I can't put my finger on what made this book so irresistible. So un-put-downable. But it was lengthy and I read it in like...a day. It's a surprisingly fast read. Why? I couldn't tell you. It just sucked me in, I guess. It starts in 1983, with the Mostly Methodist Club (Deborah Cohen makes it "mostly"), a group of women in a small town in Minnesota. Mostly just housewives, their club meets each Saturday for things like recipe swaps, bake sales, and church fundraisers. One day, Mary brings in a surly, pink-haired teenage girl named Skye, as part of a community outreach program. Skye, obviously, things these meetings are horrifically dull, until Gladys shows up, terrified, as she has just realized that when she retires her meager savings and Social Security will never be able to support her. The club decides to try its hand at investments, to see if they can make enough money to support them after retirement, with the reasoning that "If men can do it, we can do it!" They start out small, searching the mall for stores they like and investing in those. Then Skye finally wants to participate, and she brings up a little computer company she thinks might be going places....a company called Microsoft.

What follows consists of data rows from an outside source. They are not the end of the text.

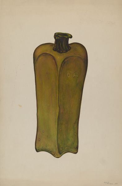 Editor: This is Cecily Edwards' "Clay Flower Jar," created around 1936, and it looks like it's rendered in watercolor. I'm immediately drawn to the almost playful, abstracted shapes. What do you see in this piece? Curator: It's a lovely piece. What immediately strikes me is how Edwards uses the simple image of a jar to tap into something primal. Think about the archetypal image of a vessel – in dreams, mythology, across cultures. What does a jar signify? Editor: Well, a container… a place to hold something? Maybe even, like, nurture it? Curator: Exactly! It’s linked to ideas of femininity, the womb, the source of life. The roundness of the jar reinforces that. And notice how she renders the jar imperfectly. It’s chipped and worn. What do these imperfections suggest? Editor: Maybe it's a contrast. The jar, symbolizing something perfect like potential life, is actually flawed. It's… human? Curator: Precisely! Edwards reminds us that even symbols of perfection bear the marks of time, the reality of existence. And think of the green, a life-giving color, dominating the jar’s upper half – suggesting growth, abundance. Editor: It’s interesting how something so ordinary can be layered with so much meaning. I wouldn't have looked at it that way at first glance. Curator: Visual language is potent because of these layers. By painting a ‘simple’ jar, Edwards is able to transmit an array of ideas, creating a deep and accessible reflection. We have to unpack this visual code to appreciate her cultural contribution. Editor: Thanks for unveiling it! I am walking away from this conversation seeing both an actual painting and a historical statement.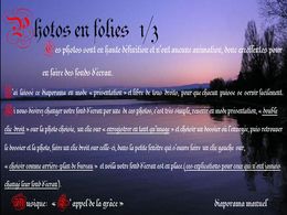 Vous êtes actuellement sur la page du pps Images en folie 1, un diaporama publié dans la catégorie Photos Images. Robin, le créateur de ce pps fait parti des 200 contributeurs du site PPSMANIA. Retrouvez tous les diaporamas de Robin dans sa catégorie: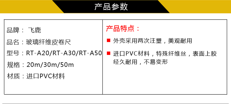 商品名称:飞鹿 20米/30米/50米 玻璃纤维卷尺 皮尺 拉尺 盒尺 进口尺带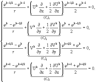 Таким образом, все необходимые условия для применимости метода расщепления соблюдены и можно записать, например, схему двуциклического покомпонентногорасщепления на временном интервале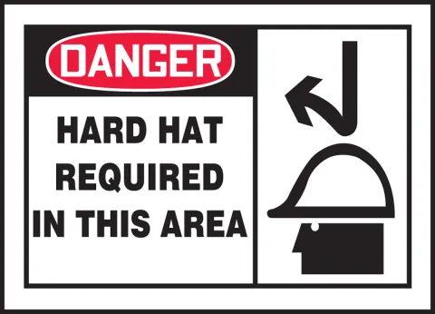 Alert workers and guests of the need to don a hard hat in the work area with this label.

At first, the ladies think she's crazy, especially when she claims they are developing a "personal computer" that everyone will buy. Because first of all, computers are giant machines filled with vacuum tubes that need an entire room, and secondly, what would a regular person even use a computer for? But just on a hunch, they go with it. With some luck and numerous (surprisingly) wise investments, these ladies are eventually millionaires, and no one in town knows it but them.

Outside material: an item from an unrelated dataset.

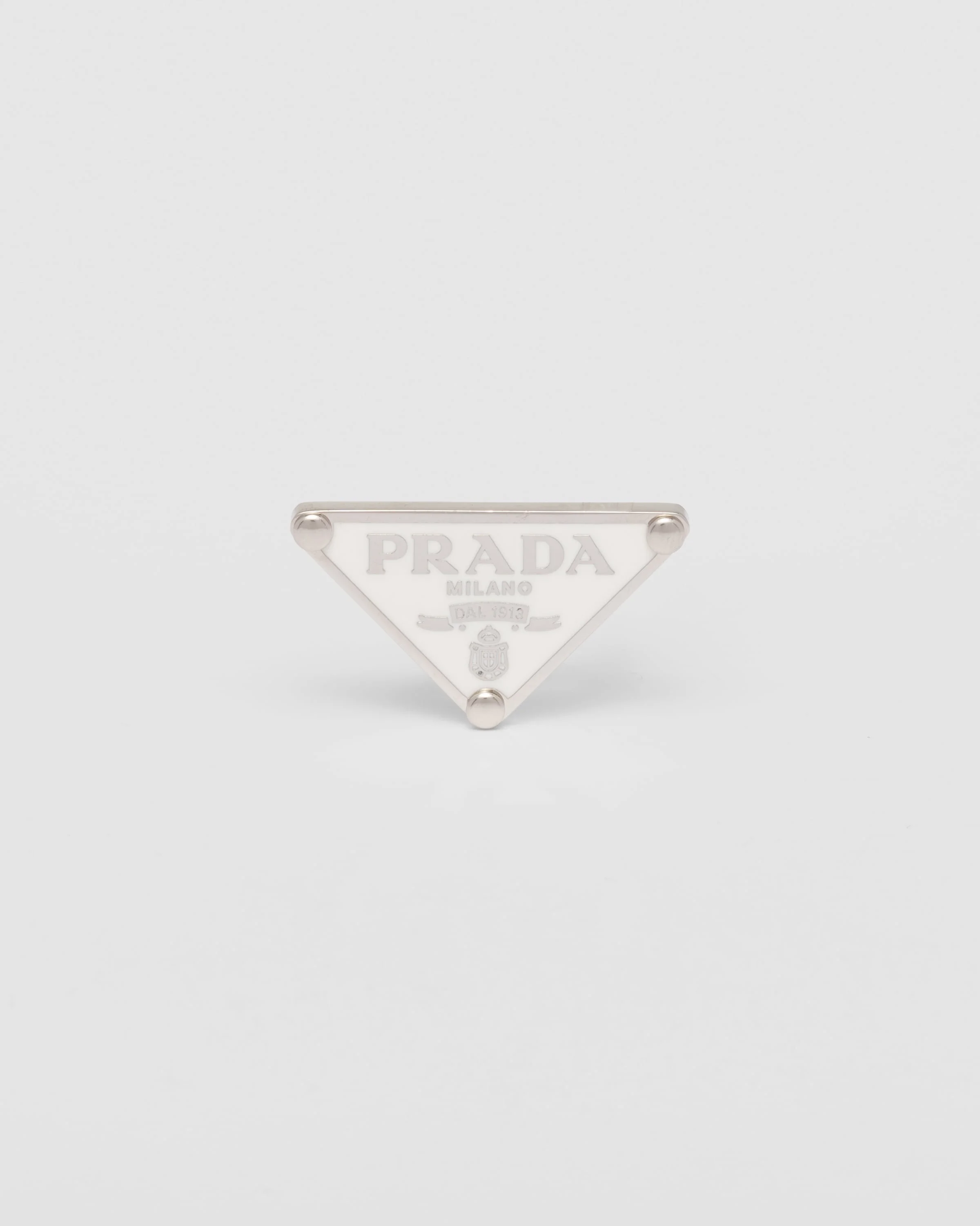 Prada's historic symbol decorated with enamel defines this single earring worn on the left. Iconic and sleek, the triangle logo is the protagonist of a new line of jewelry made of 925 sterling silver that reinterprets punk influences in a modern way. - Product code: 1JO722_2DSP_F0009 - 925 sterling silver with enamel - Palladium finish - Visible logo - Clip back earring - Left ear - Imported Width: 3.2cm MATERIALS Main material: 925 silver

What's really interesting about this book is that they don't become millionaires and then THE END. They're millionaires before the book is half over. The rest is about their wealth, their struggles, and the fact that they have problems they never would have dreamed of back when they were just ordinary housewives. It's a really interesting take on the technological revolution of the 80's and 90's, and seeing how regular people (especially those in the work force) had to deal with a sudden and occasionally devastating change in industry. Also, it's hilarious, but doesn't try too hard to be funny - the characters are all a little wacky, but not in the "ha ha this book is about a small town, see how wacky everyone is??" sort of way. They're real-life wacky, not peripheral-character-in-a-book wacky.